The bears on this street didn’t like strangers in general, but since Max and her sisters had moved in, they’d been extra protective. Something that Max found extremely entertaining.
“I smell cat,” Dag announced to his brother.
Berg leaned in and took several sniffs against the window. “That’s a big cat . . . and . . .” He sniffed a few more times. “. . . And cheesesteak.”
“There’s cheesesteak?” Dag pressed his nose against the glass again. “That’s definitely cheesesteak.”
“We could order cheesesteaks from Jersey Mike’s.”
“Yeah . . . but I’m hungry now. And the window is open a little.” Dag forced his hands between the window and the metal of the vehicle. He then pushed hard, forcing the window down with a squealing sound that made even Max cringe a little.
Dag only managed to get it halfway down and couldn’t get his massive body inside. Although it was humorous to watch him try.
After the third attempt, Dag stood and stared at his brother over the top of the vehicle. Some unspoken words passed between the two triplets.
Berg went to the back of the vehicle and, again, after looking at each other, they both squatted down and Max watched, her mouth wide open, as the brothers lifted the Escalade up and tipped it toward Dag. Everything that was inside came rolling toward the window.

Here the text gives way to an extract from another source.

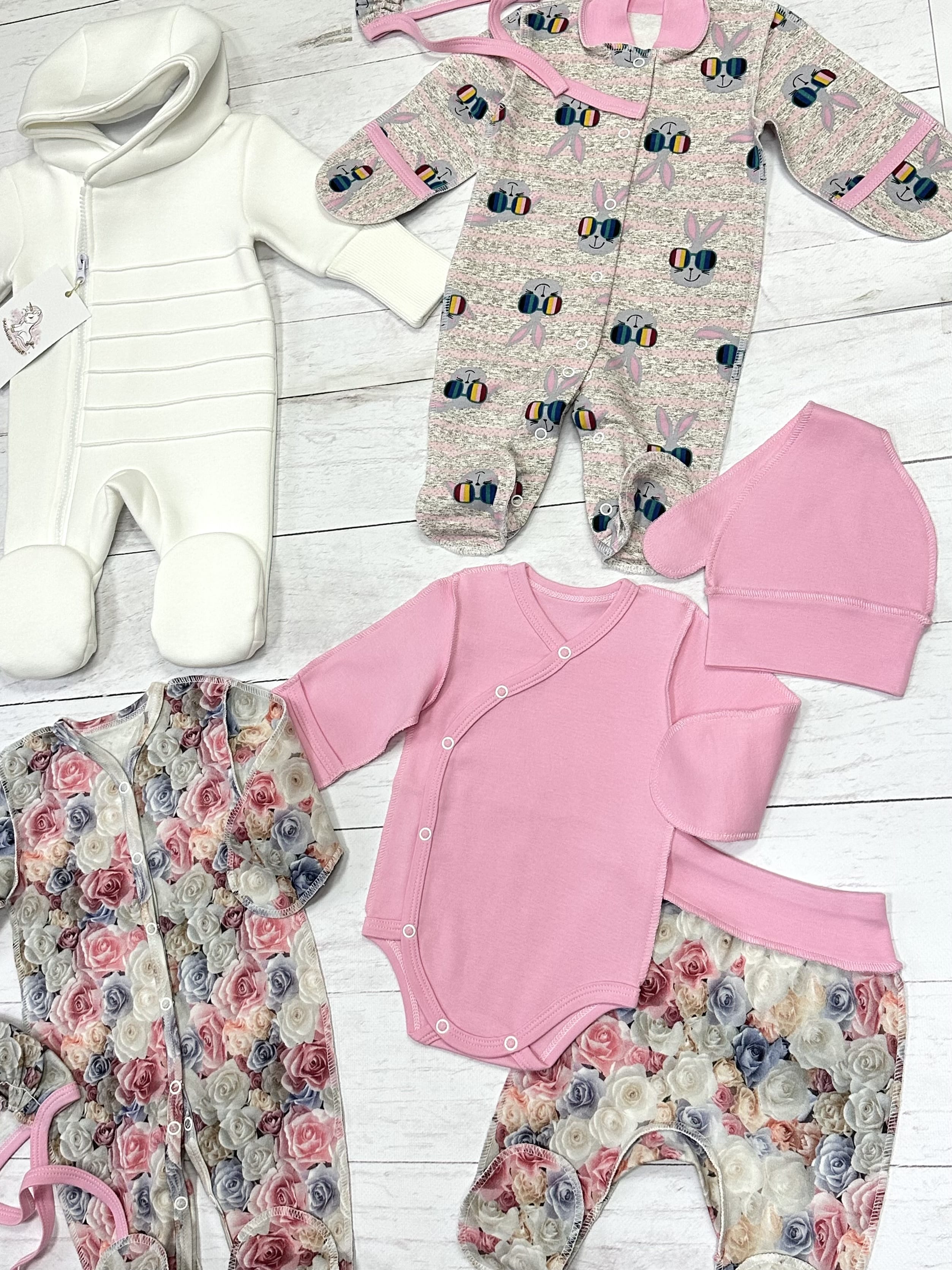 2. комплект 5 пр. (слип, боди, ползунки, чепчик, шапка), цвет розовый с розами - интерлок, 100% хлопок;

“Shake it left,” Dag ordered.
And they did. They shook the Escalade to the left.
“Right.”
Then the right. Then left again. Like someone trying to shake a certain color out of a box of M&M’s.
When none of that seemed to work, they dropped the vehicle and Berg went to stand by his brother’s side.
“Maybe we should just call Jersey Mike’s,” Dag suggested.
“Yeah. But we still don’t know whose Escalade this is.” Berg wrapped his hand around the inside of the open part of the window. “Maybe if it’s unlocked we can just—ooops.”
Max closed her eyes and lowered her head, giving herself a moment so she didn’t laugh out loud. Hysterically. But the vision of that bear standing there . . . holding that door in his hand . . . because he’d pulled it off the Escalade, was something that would be burned into her mind until she died.
“That was an accident,” Berg said—and Max believed him.
“I know,” Dag replied. “But since it’s open anyway . . .”
Dag leaned in and, eventually, ended up crawling inside, followed by Berg once he leaned the door he’d been holding against the SUV’s back end.
Together, the pair began to rip apart the inside of the vehicle, still looking for those cheesesteaks. Oh . . . and information. Apparently.